Mereka berada di dekat kaum Lut sesudah kaum Lut binasa, dan hal itu
pertanda tempat tinggal mereka berdampingan. Karena itulah disebutkan
oleh firman-Nya:
{وَإِنَّهُمَا لَبِإِمَامٍ مُبِينٍ}
Dan sesungguhnya kedua kota itu benar-benar terletak di jalan umum yang terang. (Al-Hijr: 79)
Menurut Ibnu Abbas, Mujahid, Ad-Dahhak, dan lain-lainnya, makna imamum mubin dalam ayat ini ialah jalan umum yang terang.
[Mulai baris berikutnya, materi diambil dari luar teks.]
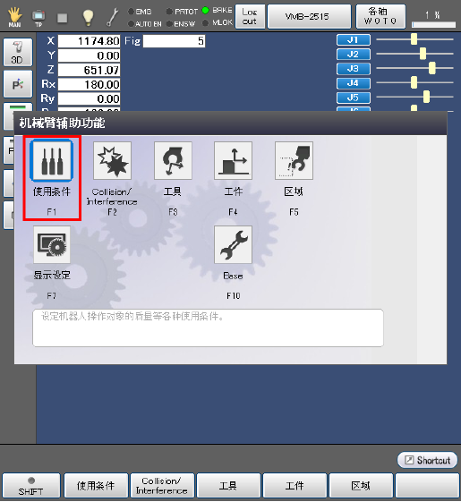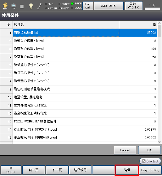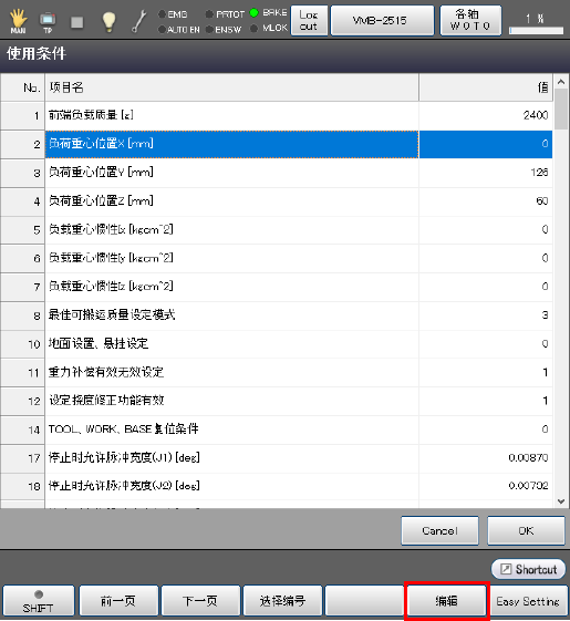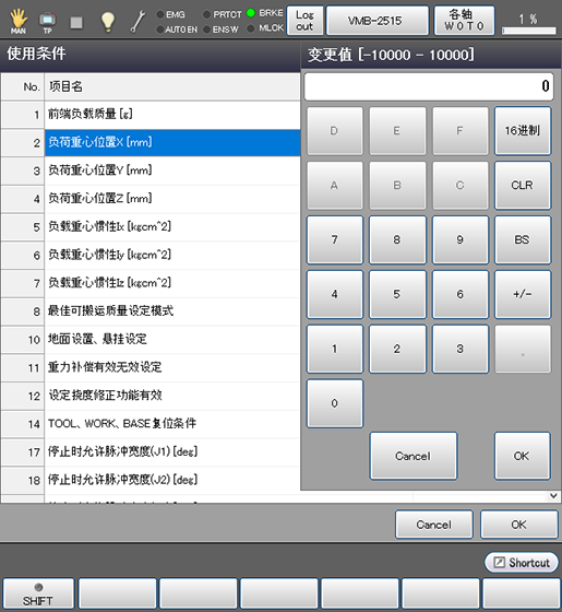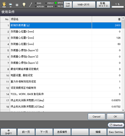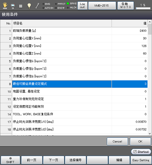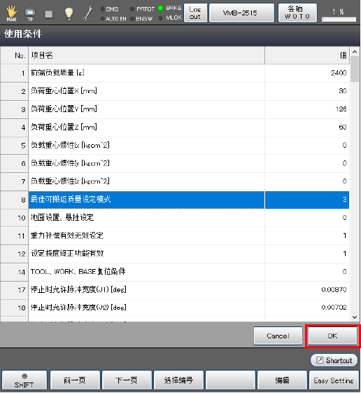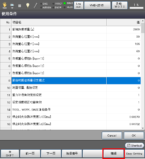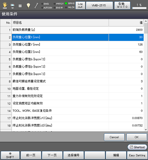 关于机器人的运行条件,如果掌握了负荷质量(工具和其前端的负荷的合计质量)以及其重心,请按照下述步骤进行设定。

Karena itulah ketika Nabi Syu'aib memperingatkan kaumnya mengatakan
dalam ancamannya yang disitir oleh Allah Swt. melalui firman-Nya:
{وَمَا قَوْمُ لُوطٍ مِنْكُمْ بِبَعِيدٍ}
sedangkan kaum Lut tidak (pula) jauh (tempatnya)dari kalian. (Hud: 89)
Firman-Nya
كَذَّبَ أَصْحَابُ الأيْكَةِ الْمُرْسَلِينَ (176) إِذْ قَالَ لَهُمْ
شُعَيْبٌ أَلا تَتَّقُونَ (177) إِنِّي لَكُمْ رَسُولٌ أَمِينٌ (178)
فَاتَّقُوا اللَّهَ وَأَطِيعُونِ (179) وَمَا أَسْأَلُكُمْ عَلَيْهِ مِنْ
أَجْرٍ إِنْ أَجْرِيَ إِلا عَلَى رَبِّ الْعَالَمِينَ (180)
Penduduk Aikah telah mendustakan rasul-rasul; ketika Syu’aib berkata
kepada mereka, "Mengapa kalian tidak bertakwa? Sesungguhnya aku adalah
seorang rasul kepercayaan (yang diutus) kepada kalian, maka bertakwalah
kepada Allah dan taatlah kepadaku; dan aku sekali-kali tidak minta upah
kepada kalian atas ajakan itu; upahku tidak lain hanyalah dari Tuhan
semesta alam. (QS Asy-Syu'ara': 176-180)
Menurut pendapat yang sahih, mereka (penduduk Aikah) tinggal di negeri
Madyan. Nabi Allah Syu'aib adalah salah seorang dari mereka, dan
sesungguhnya di sini tidak disebutkan 'saudara mereka' tiada lain karena
mereka dinisbatkan kepada Aikah, nama sebuah pohon yang menjadi
sembahan mereka. Menurut suatu pendapat, Aikah adalah sebuah pohon yang
rindang dedaunannya sama dengan pohon gaidah; mereka menyembah pohon
tersebut. Karena itulah disebutkan oleh firman-Nya:Penduduk Aikah telah
mendustakan rasul-rasul.(Asy-Syu'ara': 176)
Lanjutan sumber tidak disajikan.